This is The Dakota Access Pipeline Map Everyone Should See

If you’ve been following the protests occurring over the Dakota Access Pipeline, you may have seen pictures that tell part of the story: groups of defiant protesters holding hands as they stare down hoses and dogs, cold groups of people huddled together through the cold night. You may even have seen a map of the pipeline snaking its way through the Midwest from North Dakota to southern Illinois–but if that’s all you’ve seen, then you haven’t seen the whole picture.

Maps aren’t simply direct physical representations of the world. They are a human tool used to tell a human story. The most commonly shared map depicting the Dakota Access Pipeline makes it look almost innocuous: its small when placed against the scale of the United States, and the counties it touches are highlighted in pink. Maps like this don’t have the power to show why people are angry, and they certainly don’t succeed in demonstrating why the very route the pipe takes is dangerous.

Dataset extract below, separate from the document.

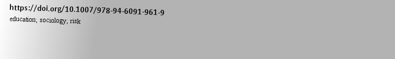 | 书目名称 | Education and the Risk Society | | 副标题 | Theories, Discourse | | 编辑 | Steven Bialostok,Robert L. Whitman,William S. Brad | | 视频video | http://file.papertrans.cn/303/302459/302459.mp4 | | 概述 | Written by experts, Gives a modern approach, Comprehensive in Scope | | 丛书名称 | Context of Education | | 图书封面 |  | | 描述 | Sociological and anthropological literature has examined how contemporary western society has become a “risk society.” Education and the Risk Society is the first volume to explore this seminal concept through the lens of education. Drawing on a theoretical literature that has great potential as a lens to view changes in neoliberal discourses of global capitalism from both critical and generative perspectives, Education and the Risk Society presents situated, empirical studies investigating an uncertain world as people practice it on the ground, through language and activity, within educational settings. | | 出版日期 | Book 2012 | | 关键词 | education; sociology; risk | | 版次 | 1 | | doi | https://doi.org/10.1007/978-94-6091-961-9 | | isbn_ebook | 978-94-6091-961-9 | | copyright | SensePublishers 2012 |

A closeup of the route the pipe takes at its root in North Dakota tells a more accurate story. This map shows the original route the map was meant to take, through land inhabited mostly by white Americans. After the residents of affected places protested, the pipe route was changed, and the map also shows the new route: directly through Sioux land that was not ceded under an 1851 treaty.

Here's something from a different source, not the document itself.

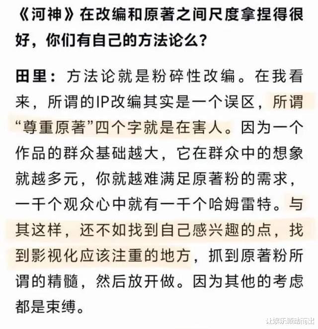与此同时,尾鱼小说的书粉也没闲着,飞速翻出《枭起青壤》导演田里在八年前拍《河神》时的一段采访,文字中“尊重原著是在害人”如同一颗延时炸弹,刚好在剧版遭遇质疑的当口“砰”地炸开。书粉怒火高涨,网友判断混乱,评论区从“你没懂原著”吵到“你就是不尊重原著”,再吵到“你拍的根本不是原著”。

The racial justice implications, clouded by the large-scale map, quickly become clear. The new route for the pipeline disadvantages Native American communities at the behest of white communities. The map also highlights important Native American archaeological sites that have already been bulldozed as a part of the DAPL project, damage that cannot be undone.

This is The Dakota Access Pipeline Map Everyone Should See

So too, do the implications for environmental justice. Viewed closely, it is impossible to miss how the pipe crosses major sources of drinking water time and time again. It allows skeptical eyes to see what protesters have so long claimed: that the pipeline jeopardizes safe drinking water for the Dakotas as a whole.

This is a map that needs to be more widely disseminated–for the good of the public, and for the good of the protesters at Standing Rock. We owe it to them to give this map a look.